» **EXERCISE PROMPT**
Output only the lines of the entries that follow, starting at the one with "nails, vintage background" and running down to the one with "DESS GLMB1212-600 LED", both included and unchanged.

» **RECORDS TO USE**
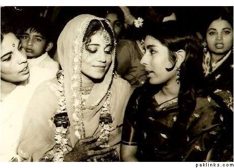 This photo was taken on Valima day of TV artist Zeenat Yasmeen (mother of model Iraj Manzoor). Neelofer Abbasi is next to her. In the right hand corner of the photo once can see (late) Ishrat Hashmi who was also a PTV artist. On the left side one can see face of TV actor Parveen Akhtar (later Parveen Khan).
==
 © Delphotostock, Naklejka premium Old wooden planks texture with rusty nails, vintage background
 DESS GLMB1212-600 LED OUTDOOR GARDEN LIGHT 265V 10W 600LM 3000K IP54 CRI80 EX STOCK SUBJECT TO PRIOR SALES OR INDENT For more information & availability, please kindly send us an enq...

» **RESULT**
 © Delphotostock, Naklejka premium Old wooden planks texture with rusty nails, vintage background
 DESS GLMB1212-600 LED OUTDOOR GARDEN LIGHT 265V 10W 600LM 3000K IP54 CRI80 EX STOCK SUBJECT TO PRIOR SALES OR INDENT For more information & availability, please kindly send us an enq...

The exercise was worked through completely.